[Opening DATA EXTRACT section]
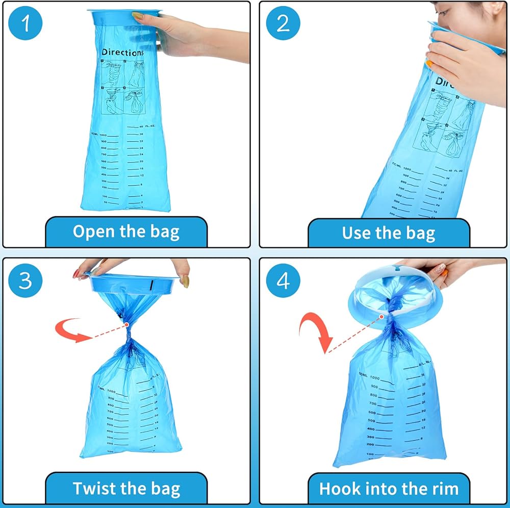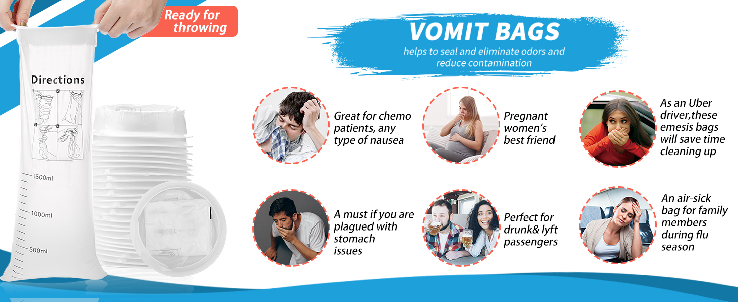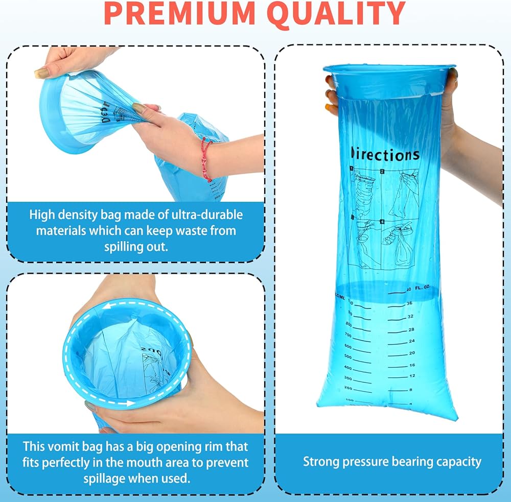 🔥【تطبيق واسع】: مثالي للاستخدام في السفر والمنزل والمستشفى والمكتب. يستخدم على نطاق واسع عند النساء الحوامل والأطفال الذين يعانون من دوار السيارة ومشاكل المعدة والأشخاص المخمورين. بالإضافة إلى ذلك، فإن أكياس البارف هذه هي أيضًا أفضل البدائل لأكياس قمامة السيارات وأكياس التخلص من النفايات وأكياس البول التي تستخدم لمرة واحدة.
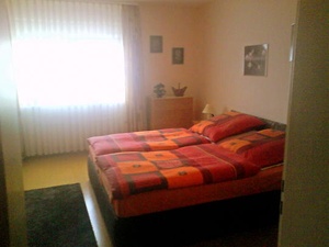Das großzügige Schlafzimmer verfügt über Korklaminat.
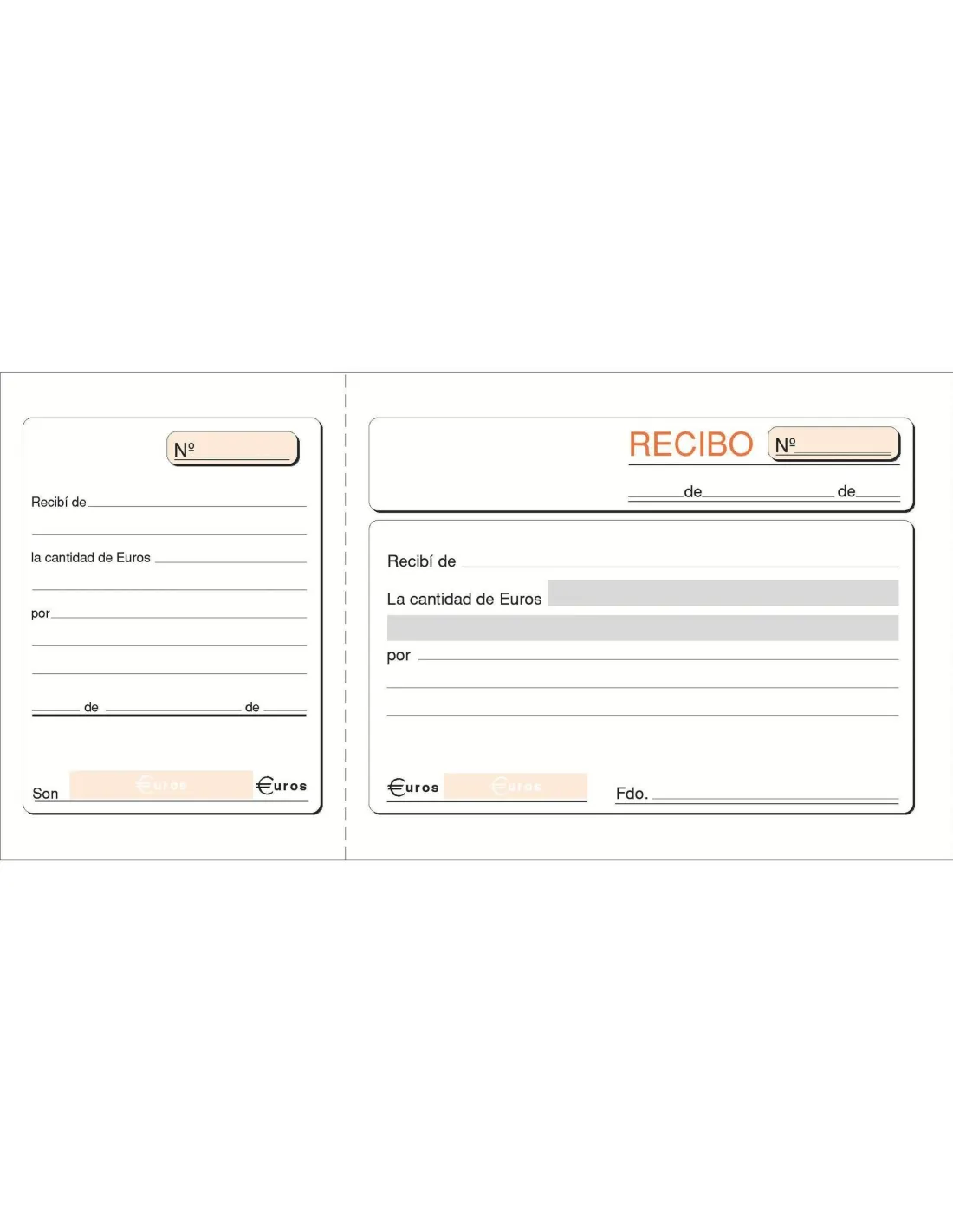 Talonario recibo con matriz 210 x 105 Castellano
[Closing DATA EXTRACT section]
_WHAT THE TASK REQUIRES_
Would you print the whole listing exactly, omitting the pictures?

_SOLUTION FOR THIS EXERCISE_
 🔥【تطبيق واسع】: مثالي للاستخدام في السفر والمنزل والمستشفى والمكتب. يستخدم على نطاق واسع عند النساء الحوامل والأطفال الذين يعانون من دوار السيارة ومشاكل المعدة والأشخاص المخمورين. بالإضافة إلى ذلك، فإن أكياس البارف هذه هي أيضًا أفضل البدائل لأكياس قمامة السيارات وأكياس التخلص من النفايات وأكياس البول التي تستخدم لمرة واحدة.
Das großzügige Schlafzimmer verfügt über Korklaminat.
 Talonario recibo con matriz 210 x 105 Castellano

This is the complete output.